I have heard Coleridge say that, in a fit of derangement, Lamb fancied
himself to be young Norval. He told me this in relation to one of his
poems.
If you will print my lines to him upon his _Album Verses_, I will
send you a corrected copy. You received his letters, I trust, which
Cuthbert took with him to town in October. I wish they had been more,
and wish, also, that I had more to tell you concerning him, and what
I have told were of more value. But it is from such fragments of
recollection, and such imperfect notices, that the materials for
biography must, for the most part, be collected.
=CHARLES LAMB=
1775-1834
TO SAMUEL TAYLOR COLERIDGE
_Temporary frenzy_
27 _May_, 1796.
. . . Coleridge! I know not what suffering scenes you have gone through
at Bristol. My life has been somewhat diversified of late. The six
weeks that finished last year and began this, your very humble servant
spent very agreeably in a madhouse, at Hoxton. I am got somewhat
rational now, and don't bite anyone. But mad I was! And many a vagary
my imagination played with me, enough to make a volume, if all were
told. My sonnets I have extended to the number of nine since I saw
you, and will some day communicate to you. I am beginning a poem
in blank verse, which, if I finish, I publish. . . . Coleridge! it may
convince you of my regards for you when I tell you my head ran on you
in my madness, as much almost as on another person, who I am inclined
to think was the more immediate cause of my temporary frenzy.
TO THE SAME
_A friend in need_
_Thursday, 11 June_, 1796.
. . . After all, you cannot, nor ever will, write anything with which I
shall be so delighted as what I have heard yourself repeat. You came
to town, and I saw you at a time when your heart was yet bleeding
with recent wounds. Like yourself, I was sore galled with disappointed
hope. You had
--many an holy lay
That, mourning, soothed the mourner on his way;
I had ears of sympathy to drink them in, and they yet vibrate pleasant
on the sense. When I read in your little volume your nineteenth
effusion, or the twenty-eighth or twenty-ninth, or what you call the
_Sigh_, I think I hear _you_ again. I image to myself the little smoky
room at the _Salutation and Cat_, where we have sat together through
the winter nights, beguiling the cares of life with Poesy. When you
left London, I felt a dismal void in my heart. I found myself cut off,
at one and the same time, from two most dear to me. 'How blest with
ye the path could I have trod of quiet life! ' In your conversation you
had blended so many pleasant fancies that they cheated me of my grief.

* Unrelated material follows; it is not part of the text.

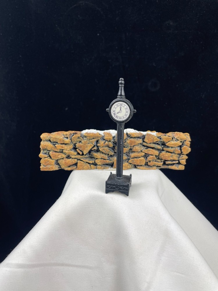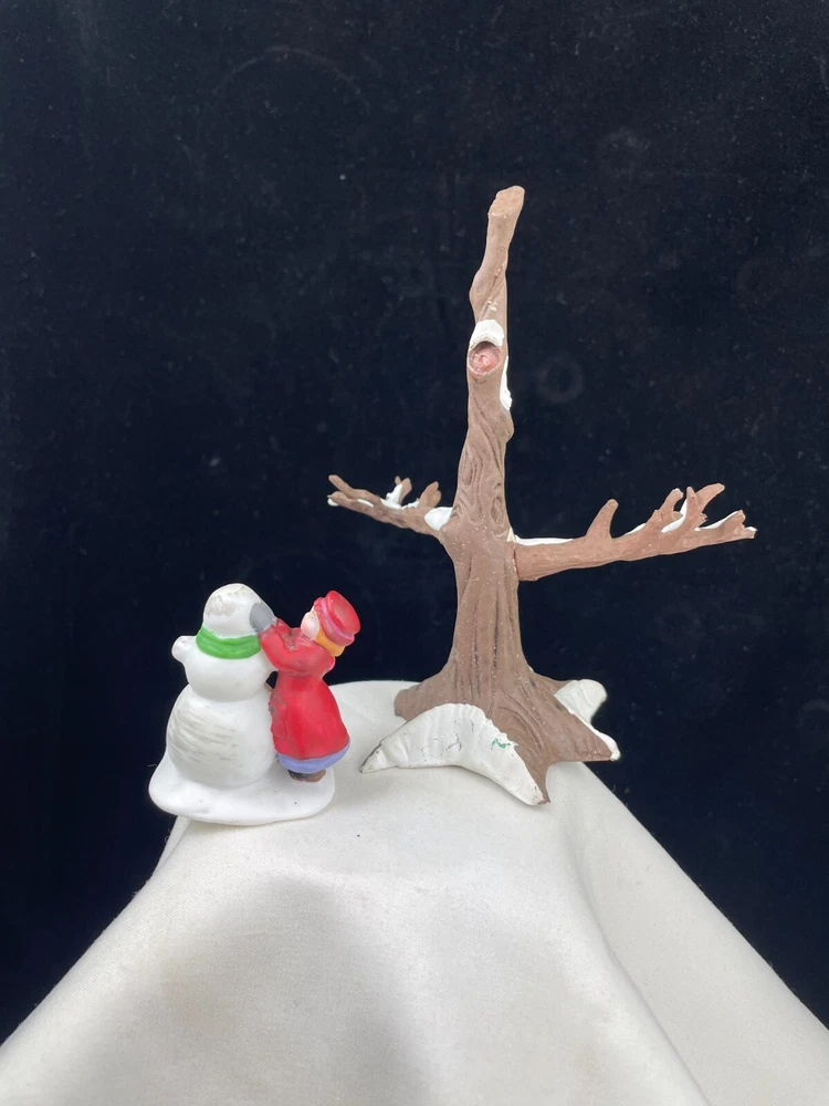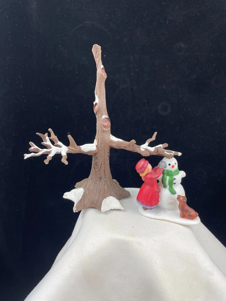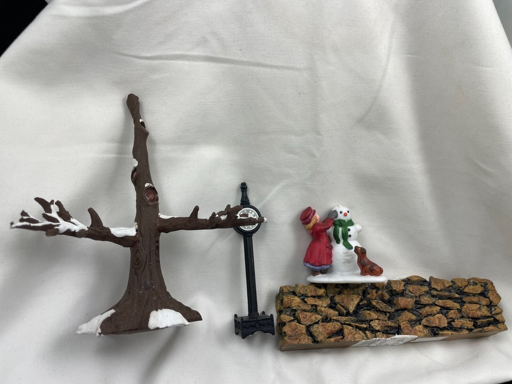 Lot of 4 Dept. 56 items figurines Variations made in Taiwan, Thailand, and China. 1. Stonewall 2.Small child, pet dog building a snowman 3. Steel street clock at 8pm 4. Leafless winter tree all items for one price. Located in ornament box on Georgia shelf #1

But in your absence the tide of melancholy rushed in again, and did
its worst mischief by overwhelming my reason. I have recovered, but
feel a stupor that makes me indifferent to the hopes and fears of
this life. I sometimes wish to introduce a religious turn of mind,
but habits are strong things, and my religious fervours are confined,
alas! to some fleeting moments of occasional solitary devotion. A
correspondence, opening with you, has roused me a little from my
lethargy, and made me conscious of existence. Indulge me in it: I will
not be very troublesome! At some future time I will amuse you with
an account, as full as my memory will permit, of the strange turn my
frenzy took. I look back upon it at times with a gloomy kind of envy:
for, while it lasted, I had many, many hours of pure happiness. Dream
not, Coleridge, of having tasted all the grandeur and wildness of
fancy till you have gone mad! All now seems to me vapid, comparatively
so.
TO THE SAME
_The tragedy_
27 _Sept_. 1796.
MY DEAREST FRIEND,
White, or some of my friends, or the public papers, by this time may
have informed you of the terrible calamities that have fallen on
our family. I will only give you the outlines: My poor dear, dearest
sister, in a fit of insanity, has been the death of our own mother. I
was at hand only time enough to snatch the knife out of her grasp. She
is at present in a madhouse, from whence I fear she must be moved to
an hospital. God has preserved to me my senses; I eat, and drink, and
sleep, and have my judgement, I believe, very sound. My poor father
was slightly wounded, and I am left to take care of him and my aunt.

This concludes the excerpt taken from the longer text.